The turnips really began to grow once the wheat was combined off. Some of them are as big as softballs. Softballs with bites taken out of them, because the deer are never content with eating all of one. They'd rather take one bite and then move on to the next one. The turnip is always greener on the other side of the fence, you know, even if you're a deer. They really like this turnip idea because located as it is in the edge of the field, the woods are close, and they can feel pretty safe about popping out of the trees, biting a turnip or two, and in case of emergency, being able to flee back into the forest.
Since soon I'll be right there in The Tower Stand, I'm hoping that I'm going to be the emergency.
Now it's the first morning of deer hunting weekend, and I'm up in The Tower Stand with my brother, who doesn't hunt, but has come up from Iowa—which is where I came from—to see what all the fuss is about. We've gotten up real early, eaten some breakfast, and made it out to The Tower Stand while it's still dark. I've lit the stove; we've poured some coffee; we're talking. I haven't seen him in a while, so we're catching up.
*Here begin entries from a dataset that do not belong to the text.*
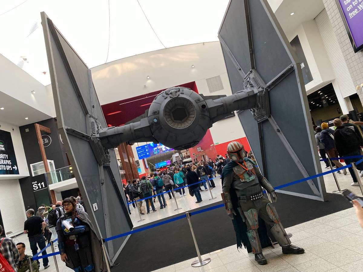 The panel wrapped up with another look at the sizzle reel for season two they had already shown this morning, and then it was time for one more trip through the floor before returning for The Mandalorian screening at 6:00. There’s so much to see on the floor (and the layout of the ExCeL Center combined with the congestion of the crowd made it difficult to see everything in one day) so I’m looking forward to doing more of that in the coming days, but one thing that did jump out at me was Sabine Wren’s painted mural from Star Wars Rebels and Ahsoka, which is available for photo ops.
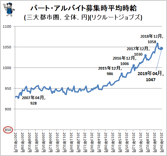 Recruit Jobs的“2019年9月度打工兼職招聘時平均時薪調查”顯示,三大都市圈的便利店職員的平均時薪為989日元(摺合人民幣64元)。比7年前2012年9月的873日元(摺合人民幣56元)增長了13%。
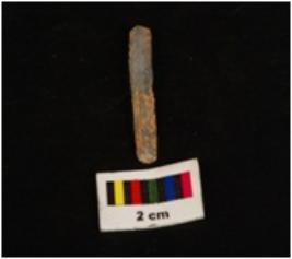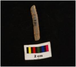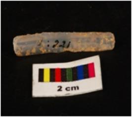| Description / विवरण | Parallel sided microlith blade with use wear marks on cutting edges and prominent mid ridge on dorsal. Triangular in section. |
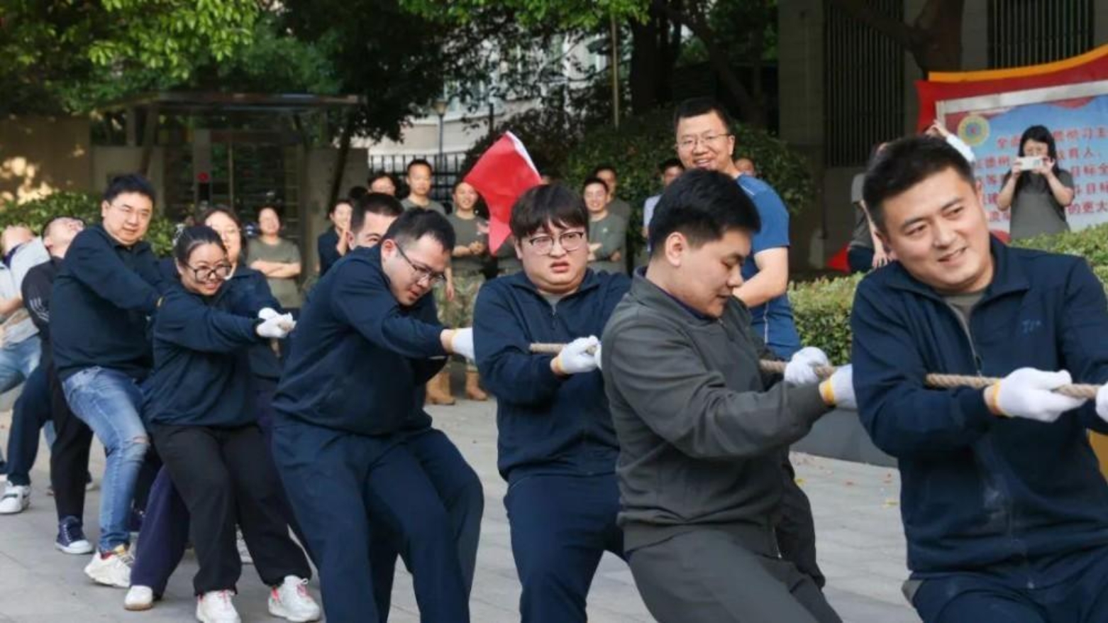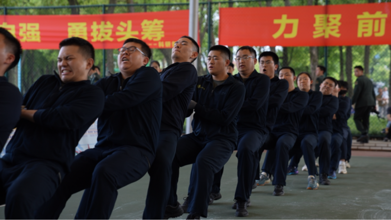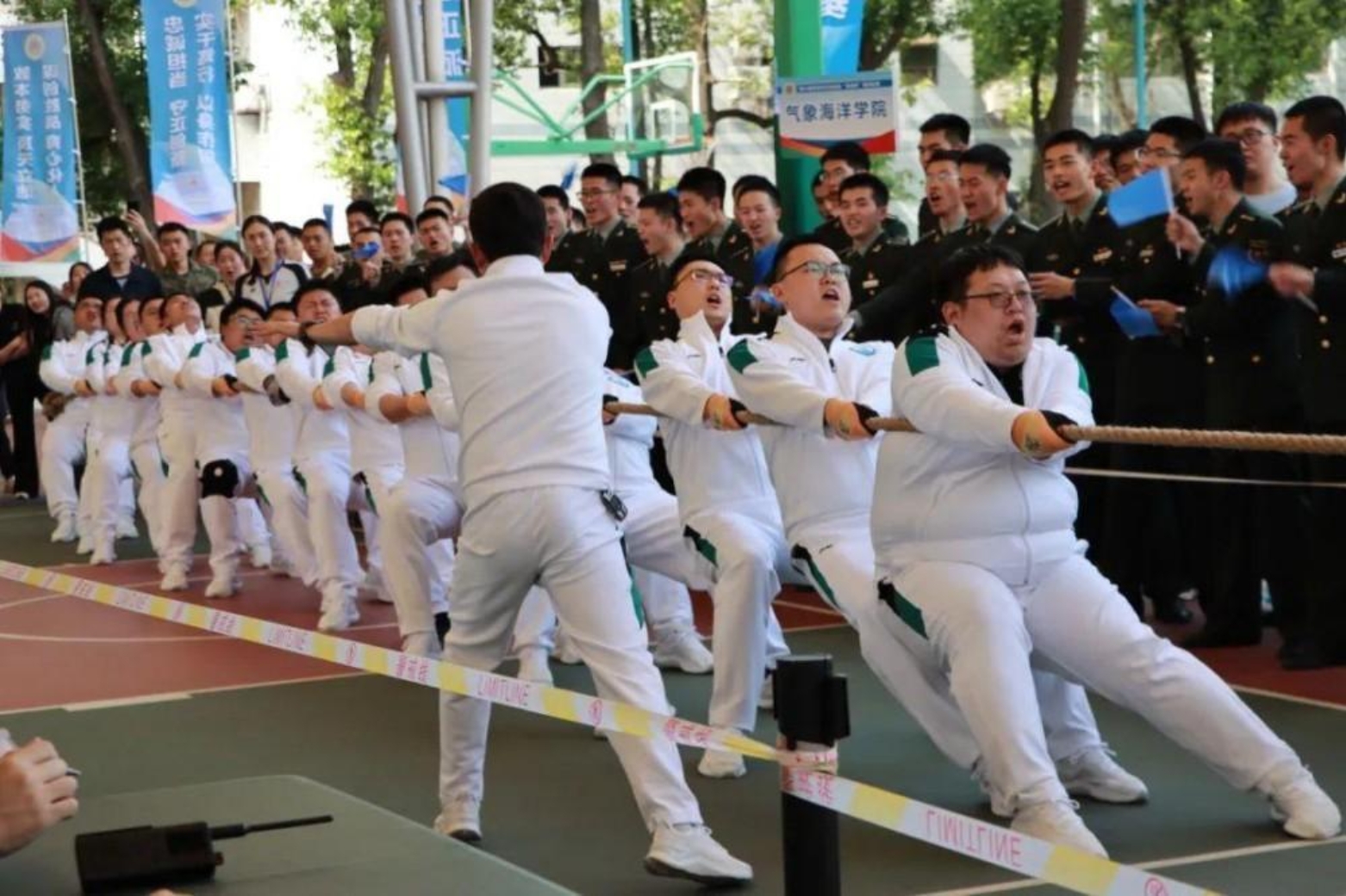 “一!二!拉!”震耳欲聋的口号声划破天空。在第六十三研究所国旗广场前,7支队伍以淘汰赛的形式展开角逐。经过激动人心的比拼,最终4支队伍成功晋级。
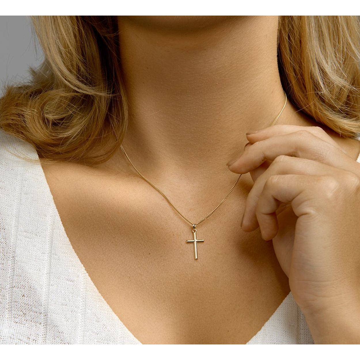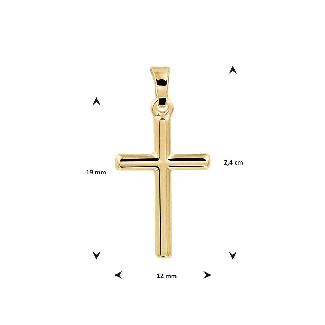 14k Geelgouden hanger uitgevoerd in de vorm van een kruis. De hanger heeft een totale hoogte van 2.4cm en een breedte van 12mm.

"I think I'm getting cataracts," he said. At our age, a lot of our catching up involves personal health issues, real or imagined. At this age, just about anything can go wrong, you know, and talking about it is kind of like whistling past the graveyard, kind of, so to speak. He went on about how he's not able to see in the dark at all. Since it's dark, dark, dark outside, we're neither one of us sure whether we're going blind or maybe it really is this dark outside. We don't know because neither one of us has been up at this hour in a long time.
My brother goes on about his eyes for a few more minutes, then peers out the window at something way out in the field. "I think there's something out there", he says, and opens the window so maybe he can see whether it's fly spots or really something.
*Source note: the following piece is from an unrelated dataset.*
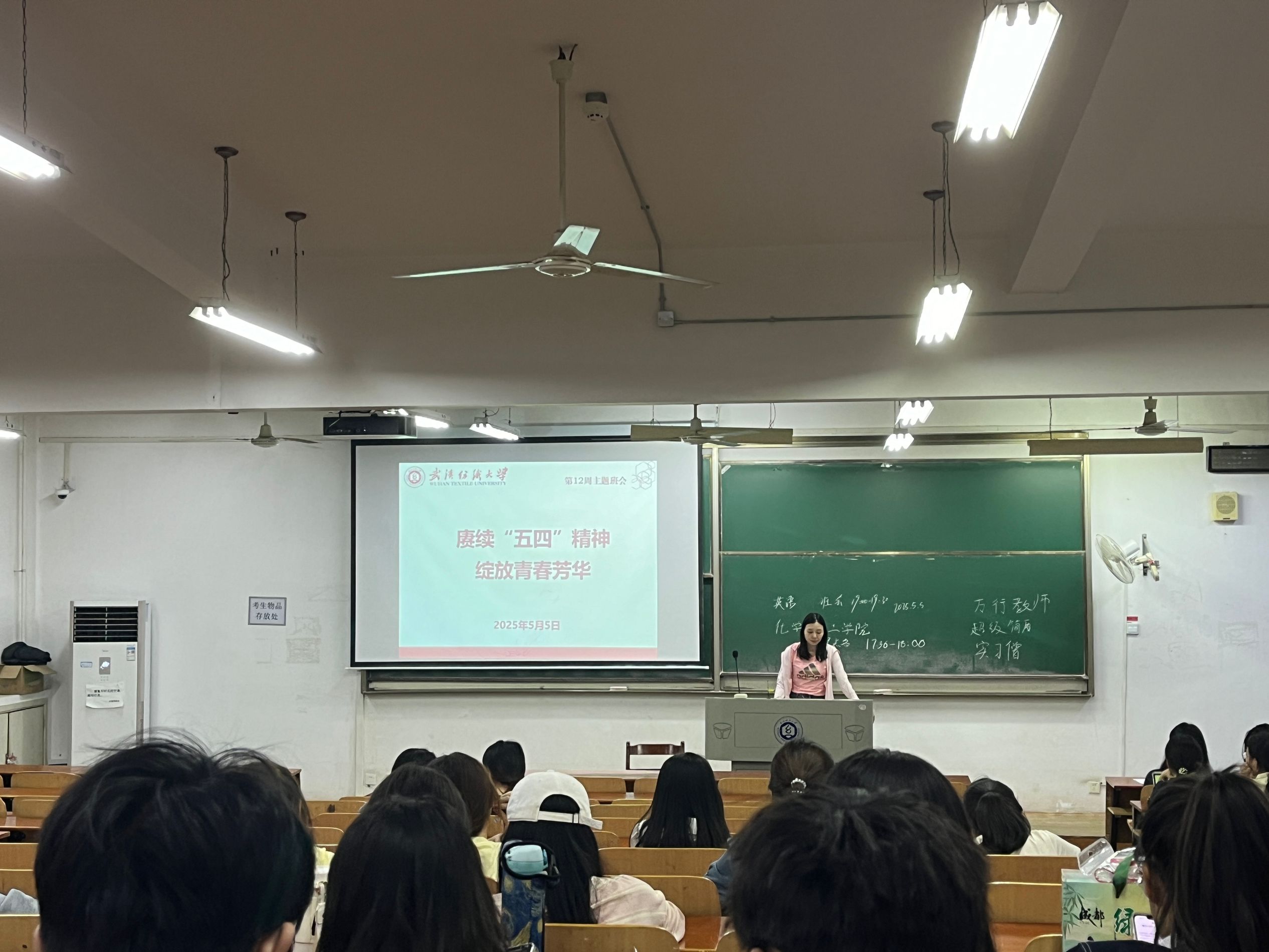 班会还介绍了众多当代青年榜样,如 “中国青年五四奖章” 入围者中的科技先锋杜灵杰、大国工匠冯攀龙等,他们在各自领域的卓越成就诠释了五四精神的时代价值。同时,武汉纺织大学的优秀青年师生代表也成为大家学习的典范。学校纺织新材料与先进加工全国重点实验室研究团队荣获 2025 年 “湖北青年五四奖章集体”,该团队青年占比 91.4%,在纺织新材料科技创新领域成果斐然,参与多项国家重大项目,助力航天工程等关键领域发展。此外,学校 2024 年度 “青年五四奖章” 获得者刘学琴、张晓芳等教师,以及 “青春力量・感动纺大”2024 年度十佳榜样人物韩秀、曹子翔等学生,他们在科研创新、教书育人、学科竞赛、社会实践和创新创业等方面表现突出,展现出纺大教师与学生的奋斗风采。

I can see his general direction of vision and I tell him that it's probably black dirt left from a big boulder that I dug out earlier. He peers some more. "I don't know," he says, "does a boulder move?"
Now I look. Wow. It's really dark out there, but yes, I see that dark spot. We both watch it a while more. It's becoming more and more light, quite quickly. I check the time. We're easily within legal shooting light, but we discuss it a bit more.
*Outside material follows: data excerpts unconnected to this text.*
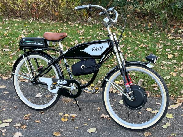 Columbia Reto-model 1937 this bicycle has a electric conversion 1000 watt front brushless motor, the battery is a 48volt rear mount with a key to remove battery the front fork is a dual shock motorcycle type fork, the bicycle has a rear coaster brake and a rear hand brake for safety. The bicycle and motor, and battery are new with only 7 test miles this is a heavy cruiser bicycle excellent for long rides
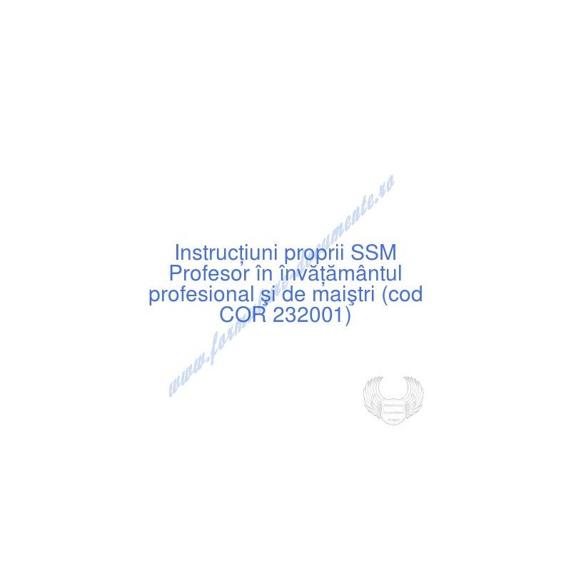 Aceste documente OBLIGATORII pentru ocupantul postului de Profesor în învăţământul profesional şi de maiştri (cod COR 232001), sunt complet întocmite, respectând cerințele Codului muncii actualizat 2023, Legii securității și sănătății în muncă nr. 319/2006 (actualizată 2023), H.G. 1425/2006 (actualizată 2023) și răspund tuturor cerințelor standardelor de calitate referitoare la management (ISO 9001/ ISO 14001/ ISO 22000/ SR OHSAS 18001:2008/ ISO 45001:2018 etc.). Cuprinsul IPSSM pentru instruirea angajatului pe funcția de Profesor în învăţământul profesional şi de maiştri :
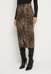 Brązowa Panterkowa Spódnica z Bawełny z Wysokim Stanem Ozdobiona Rozcięciem na Nogę Haritana
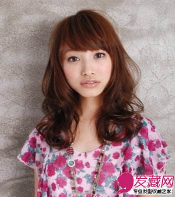 这款中长发烫发发型给人一种空气感的飘逸盈动,微微侧分的斜刘海加上贴合脸型的卷发,修颜效果非常明显,浅棕色的染发更是时尚潮流。

"I think it's a deer," he says, squinting into the darkness. I look, and squint. Hmmmm. It seems like a rock with a white tail. Whoa! It has a tail. I grab my rifle, look at it through the scope, and sure enough, it's a tail with a deer on the other end of it.
All these years hunting with my relatives, and I've never had to shoot one. There have always been too many, so I've always gotten one.
I shoot. To my surprise, the deer falls right down. I have my first deer.
Fifty years ago today, I was out on an army rifle range, qualifying as expert with an M14, a deer-rifle-sized firearm. Fifty years later, it pays off. Venison in the freezer.